Segment Open

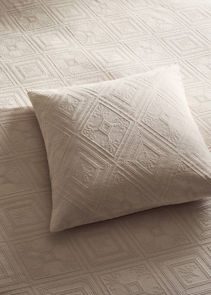 Size: 60x60cm. 100% Cotton. The cotton knit is very pleasant to the touch. Cool, soft, durable, breathable and versatile. Textured jacquard fabric. Geometric and floral design. Adds a sophisticated and cozy touch. Envelope closure. Filling not included. Coordinates with more products from the collection
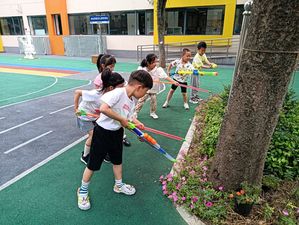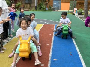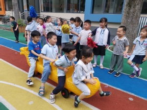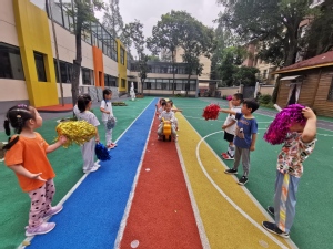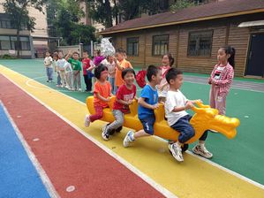 赛龙舟是端午节的一项重要活动,寓意祈求富佑、风调雨顺,事事如意。幼儿化身龙舟选手,开始了热火朝天的赛龙舟比赛。小选手们你追我赶,进行着一轮轮的较量,场面非常激烈,周围的加油声此起彼伏,整个场面热闹万分。幼儿在快乐游戏的同时,也感受到了团体协作的乐趣。
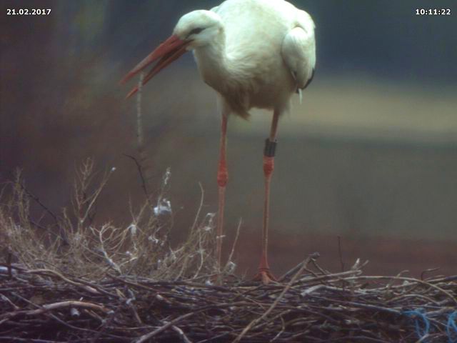 Heute Morgen hatte ich noch mit Herrn Willecke telefoniert, um mit ihm zu diskutieren, warum das Verhalten der Störche dieses Jahr so auffällig sein könnte. In einem Punkt sind wir uns einig, wir gehen davon aus, dass es nichts mit dem Bewuchs im Nest zu tun hat. Viel wahrscheinlicher erscheint es mir, dass die Störche (da nicht aus Afrika kommend) frei darüber entscheiden können, wann sie das Nest belegen. Und da es für eine Brut sowieso noch zu früh ist, bedarf es auch keiner permanenten Anwesenheit. Das Verhalten der Störche ändert sich gerade überall, immer weniger Störche fliegen nach Afrika. Insofern ist es schwer, bekanntes Wissen über Störche auf die heutigen Tage anzuwenden.
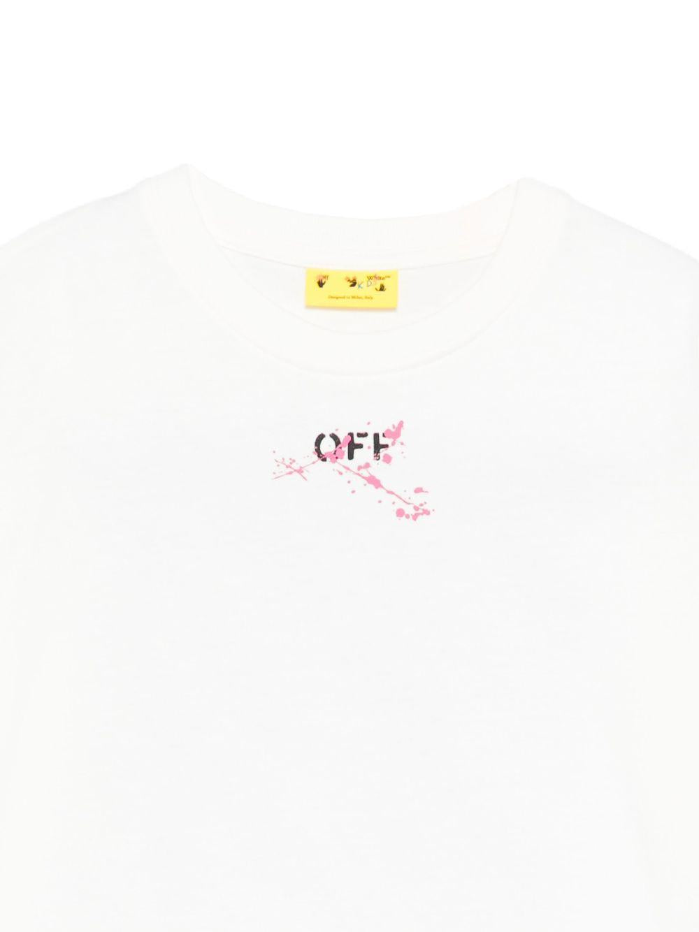 T-shirt per bambina Off-White Kids bianca con effetto vernice e logo stampato
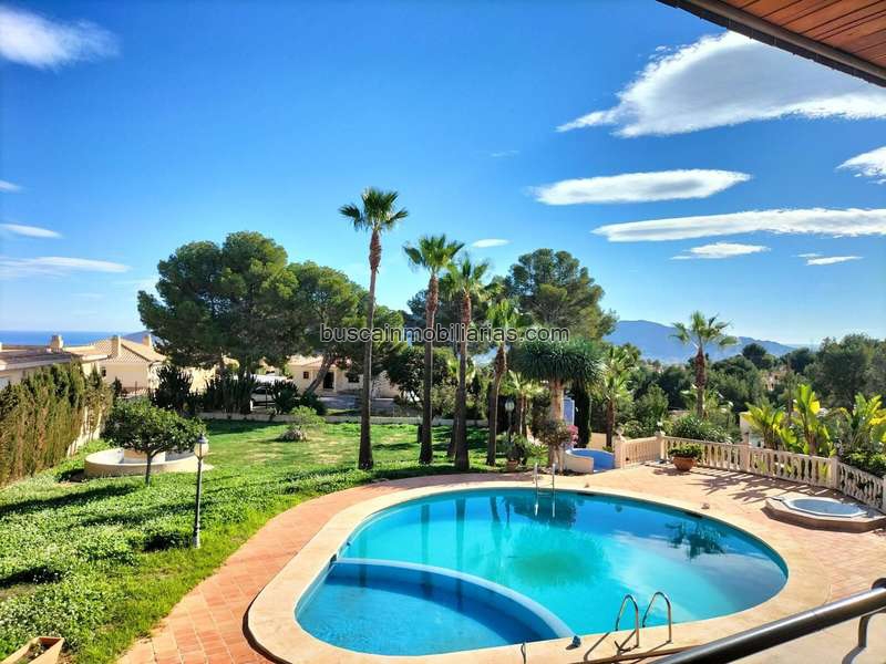 Fantástica vivienda con superficie de 600 m2 distribuida en espacioso hall, 4 amplios dormitorios cada uno con su baño en suite, aseo de cortesía, gran salón comedor de 100 m2 con chimenea, amplia cocina independiente con zona de comedor, varias terrazas cubiertas, con vistas despejadas al mar y montaña.
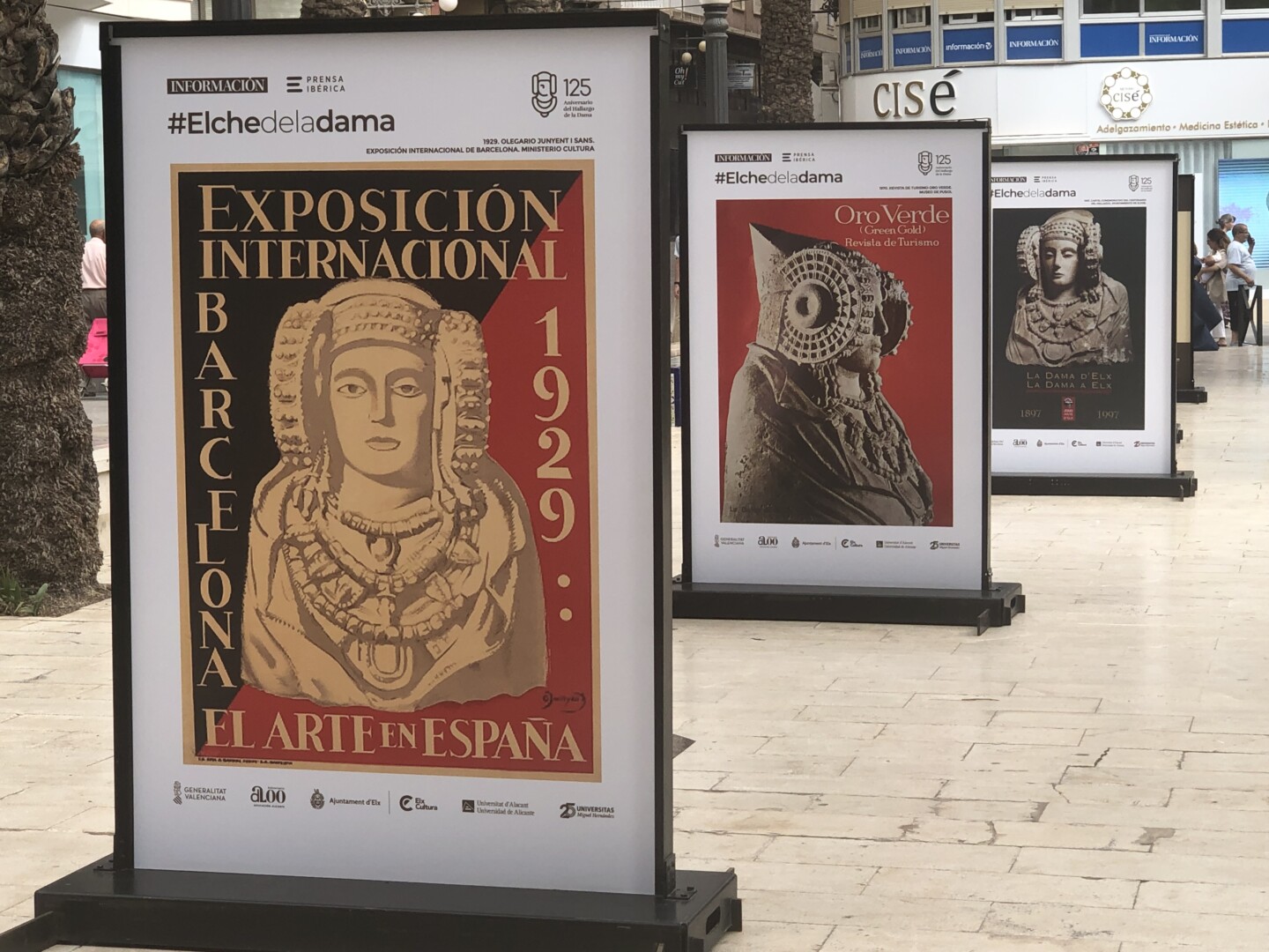 La muestra, organizada por Información, es un recorrido a través de 24 paneles que repasa alguno los escenarios, hitos e iconografía en torno al busto íbero, y que puede visitarse en la céntrica plaza ilicitana hasta el 11 de agosto

Segment Closed

Problem details -
Repeat the listing above exactly, with no pictures.

Your response -
 Size: 60x60cm. 100% Cotton. The cotton knit is very pleasant to the touch. Cool, soft, durable, breathable and versatile. Textured jacquard fabric. Geometric and floral design. Adds a sophisticated and cozy touch. Envelope closure. Filling not included. Coordinates with more products from the collection
 赛龙舟是端午节的一项重要活动,寓意祈求富佑、风调雨顺,事事如意。幼儿化身龙舟选手,开始了热火朝天的赛龙舟比赛。小选手们你追我赶,进行着一轮轮的较量,场面非常激烈,周围的加油声此起彼伏,整个场面热闹万分。幼儿在快乐游戏的同时,也感受到了团体协作的乐趣。
 Heute Morgen hatte ich noch mit Herrn Willecke telefoniert, um mit ihm zu diskutieren, warum das Verhalten der Störche dieses Jahr so auffällig sein könnte. In einem Punkt sind wir uns einig, wir gehen davon aus, dass es nichts mit dem Bewuchs im Nest zu tun hat. Viel wahrscheinlicher erscheint es mir, dass die Störche (da nicht aus Afrika kommend) frei darüber entscheiden können, wann sie das Nest belegen. Und da es für eine Brut sowieso noch zu früh ist, bedarf es auch keiner permanenten Anwesenheit. Das Verhalten der Störche ändert sich gerade überall, immer weniger Störche fliegen nach Afrika. Insofern ist es schwer, bekanntes Wissen über Störche auf die heutigen Tage anzuwenden.
 T-shirt per bambina Off-White Kids bianca con effetto vernice e logo stampato
 Fantástica vivienda con superficie de 600 m2 distribuida en espacioso hall, 4 amplios dormitorios cada uno con su baño en suite, aseo de cortesía, gran salón comedor de 100 m2 con chimenea, amplia cocina independiente con zona de comedor, varias terrazas cubiertas, con vistas despejadas al mar y montaña.
 La muestra, organizada por Información, es un recorrido a través de 24 paneles que repasa alguno los escenarios, hitos e iconografía en torno al busto íbero, y que puede visitarse en la céntrica plaza ilicitana hasta el 11 de agosto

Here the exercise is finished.